> **SUPPLIED MATERIAL**
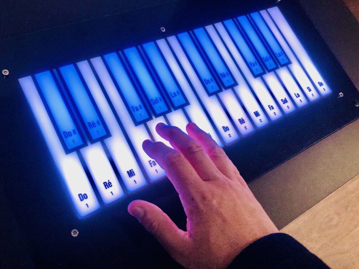 Mais dans ça résonne on n’interagit pas uniquement avec les autres : on a aussi des interactions avec les machines. Tablettes, poste d’intelligence artificielle, micros, claviers électroniques : la technologie n’est pas incompatible avec le ludique. Et encore une fois, faire des maths, c’est indolore. Nos deux coups de cœur vont à l’expérience musicale, ainsi qu’à l’atelier de la « losonnante »où l’on expérimente un principe assez saisissant, mais bien réel : nous pouvons écouter avec les os !
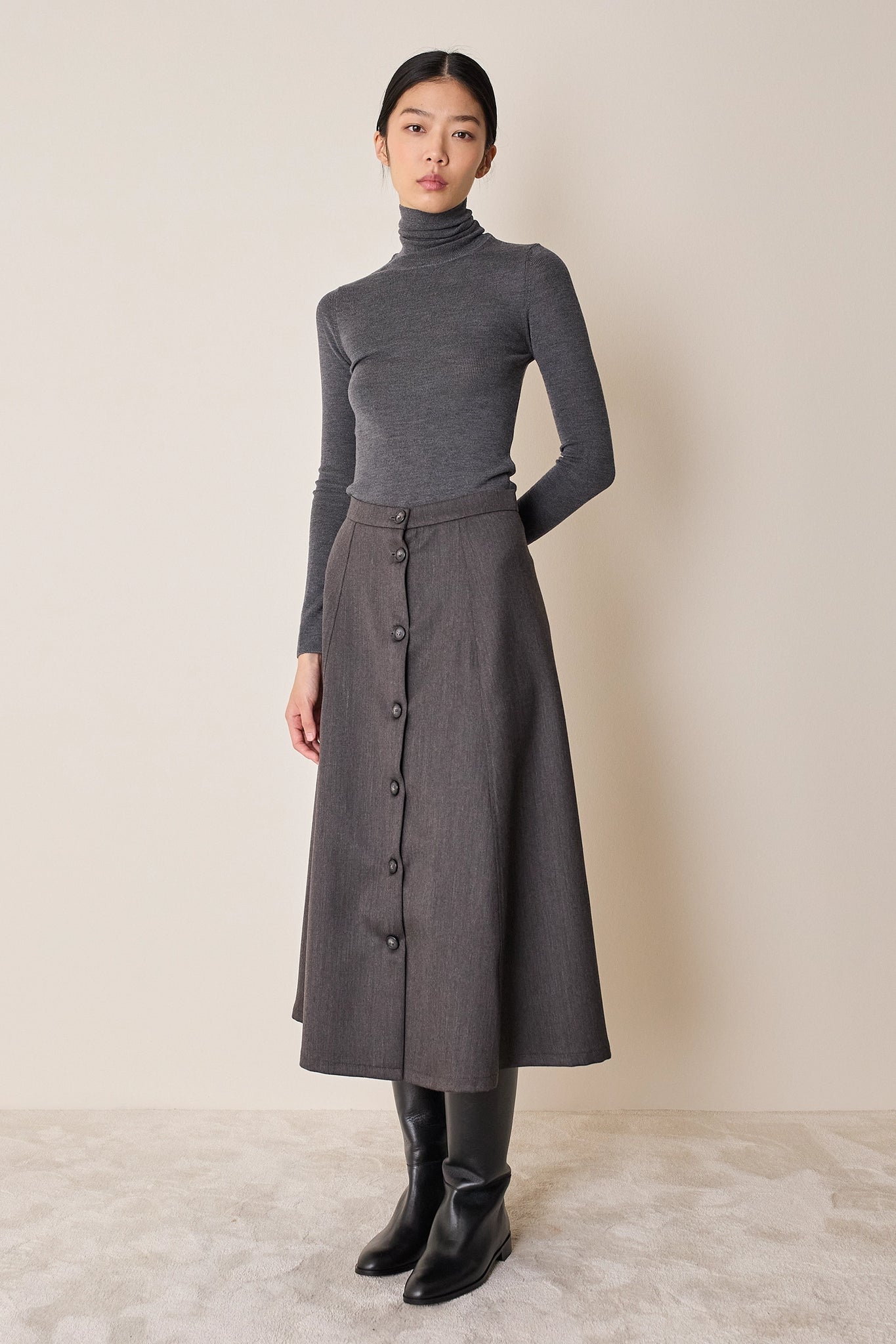 Meet the most versatile skirt of the season. Pair it with a structured shirt or a simple tee, with an oversized crewneck or a fitted turtleneck. It works just as well with sneakers as it does with boots or ballet flats.
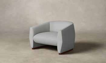 The Alpe Chair is a streamlined silhouette with convex wraparound arms that rest upon an elegant white oak or walnut base. The design is cloaked in masterful upholstery with sleek linear seams. Handcrafted in North Carolina.

> **THE PROBLEM**
When you write out the material again, keep every word exact and omit the pictures.

> **RESULT**
 Mais dans ça résonne on n’interagit pas uniquement avec les autres : on a aussi des interactions avec les machines. Tablettes, poste d’intelligence artificielle, micros, claviers électroniques : la technologie n’est pas incompatible avec le ludique. Et encore une fois, faire des maths, c’est indolore. Nos deux coups de cœur vont à l’expérience musicale, ainsi qu’à l’atelier de la « losonnante »où l’on expérimente un principe assez saisissant, mais bien réel : nous pouvons écouter avec les os !
 Meet the most versatile skirt of the season. Pair it with a structured shirt or a simple tee, with an oversized crewneck or a fitted turtleneck. It works just as well with sneakers as it does with boots or ballet flats.
 The Alpe Chair is a streamlined silhouette with convex wraparound arms that rest upon an elegant white oak or walnut base. The design is cloaked in masterful upholstery with sleek linear seams. Handcrafted in North Carolina.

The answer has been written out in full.